Long-term Memory: all memory files in the file system, unlimited capacity
Working Memory: current context window, limited capacity, requires careful management

How Does the Agent Know What to Load?

Approach	Description
Index file	Maintain an `index.md` with summaries. Agent reads the index first, then decides which files to load
Directory conventions	Structured directories (`skills/database/`, `skills/frontend/`) for quick Glob-based lookup
Metadata tags	Tags in each memory file header; the agent filters by tag using Grep

How Is "Unloading" Implemented?

Under current LLM architectures, content cannot be truly removed from the context window once added. But there are practical workarounds:

Approach	Feasibility	Description
Sub-agent (fork)	Best	Each subtask spawns a new sub-agent with a naturally clean context
Conversation split	Viable	Split large tasks into multiple conversations, loading only relevant memory
Explicit prompting	Marginal	Tell the agent "ignore the following" — unstable results

The sub-agent model aligns best with existing architectures. In Claude Code, the Task tool already supports spawning sub-agents:

Main Agent (coordinator)
├── Analyzes the large task, breaks it into subtasks
├── Determines which memory each subtask needs
└── Spawns Sub-Agent (Task tool)
     → Injects only the relevant memory file contents
     → Sub-agent works in a clean context
     → Returns results to the main agent

From prototype to vision

From MEMORY.md to a Complete Solution

	Claude Code's MEMORY.md	Full Memory as File
Essence	File as memory	File as memory
Scale	Single file, 200-line limit	Multi-file, multi-directory, unlimited
Structure	Unstructured	Organized by topic, tags, and indexes
Retrieval	Loaded in full, no search needed	Grep/Glob or semantic search
Manager	User / Agent passively records	Agent autonomously decides what to load and unload

MEMORY.md is the minimal viable proof. The complete solution answers a fundamental question:

Who should be responsible for managing the agent's attention?

The answer shifts from "the user manages manually" to "the agent manages autonomously." This is a critical step toward truly autonomous agents.

Open Questions

Several questions remain worth exploring:

Memory structure — Store raw conversation transcripts, or distilled summaries? Raw is complete but noisy; distilled is concise but loses information.
Memory granularity — One file per conversation? Split by topic? By timeline? Granularity determines retrieval efficiency.
Semantic retrieval — Grep/Glob uses keyword matching, which may miss semantically similar but differently worded memories. Do we need vector search? Or is the LLM's own comprehension sufficient?
Memory lifecycle — How to handle outdated memory? Automatic decay, agent-initiated cleanup, or manual user management?
Active vs. passive — Should the agent wait for the user to say "remember this," or proactively decide which information is worth persisting?

Conclusion

The emergence of Coding Agents has evolved LLMs from "chat tools" into "programming partners." But their memory capabilities remain primitive — either no memory at all, or loading a single small file in full.
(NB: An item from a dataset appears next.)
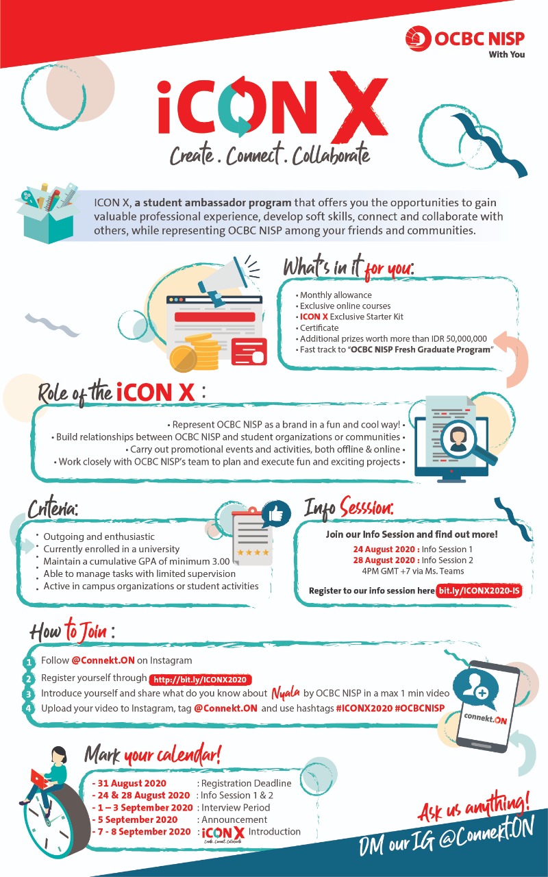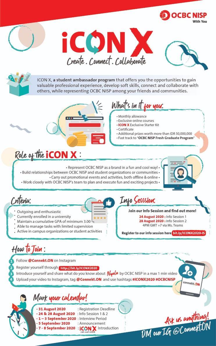 By being a part of ICONX! OCBC NISP's Student Ambassador program that aims to seek, inspire, and develop top talents among students to be our ambassadors in their communities and organizations.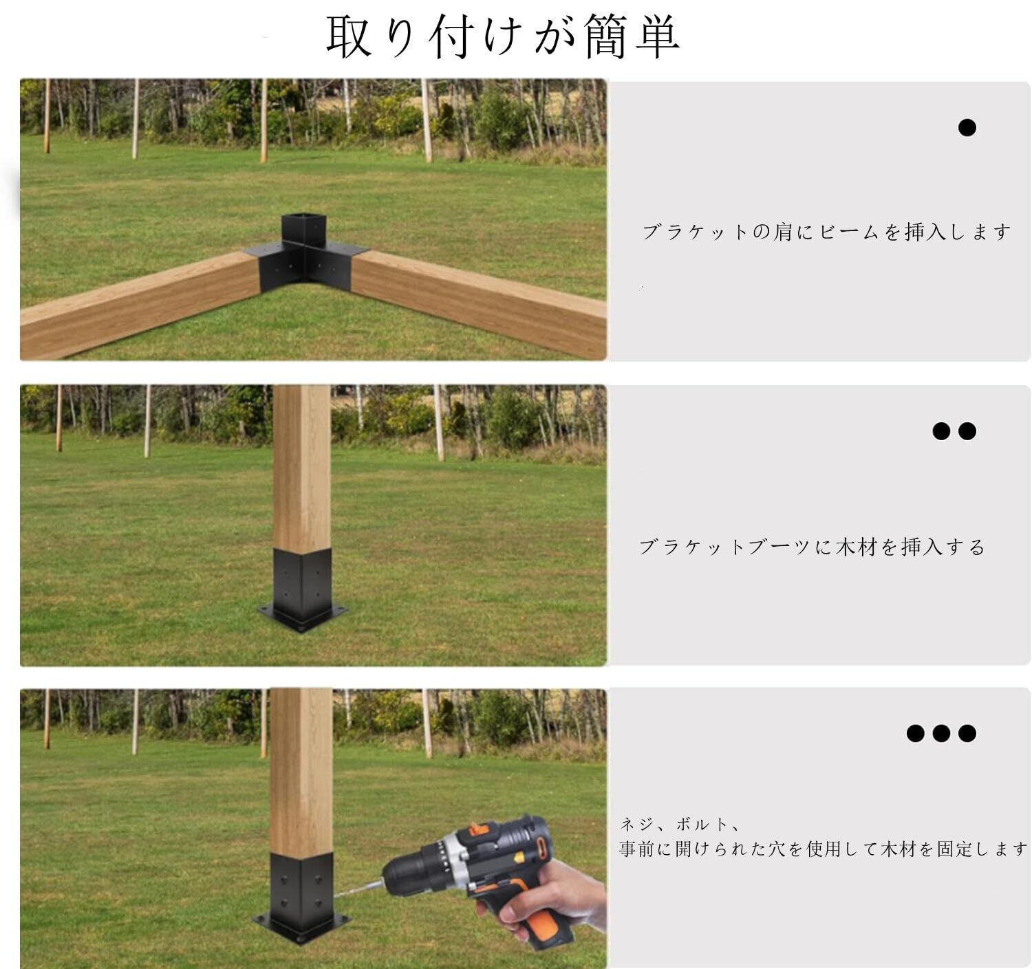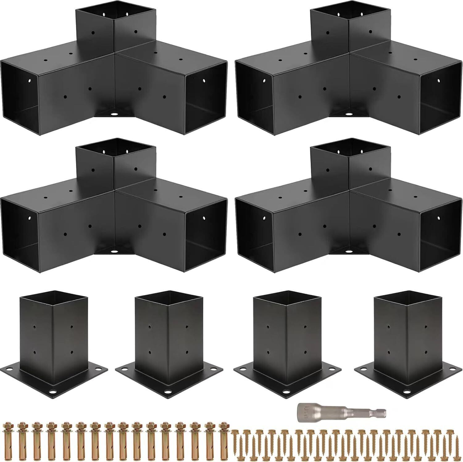 Dudodeパーゴラキット ブラケット付き3ウェイ直角コーナーブラケット 木工DIYポストベースキット ガゼボ/パティオパーゴラ/ログキャビン用木製ビーム 屋外パーゴ金具 4x4の木材用 (8個パック) | KSショップ

Memory as File proposes a simple yet powerful abstraction: memory is files, file management is memory management, and Coding Agents happen to be the best file managers available.

Building on this, Agent-driven Memory Management takes it further by letting agents autonomously manage their own working memory — loading on demand, unloading when done, efficiently utilizing limited attention resources just as humans do.

This requires no additional infrastructure, no new tools — just a shift in perspective on the capabilities Coding Agents already possess.

The ideas in this post originated from observations and experiments while using Claude Code for day-to-day development. All concepts discussed (Memory as File, Agent-driven Memory Management) are still in the early conceptual stage. Discussion and feedback are welcome.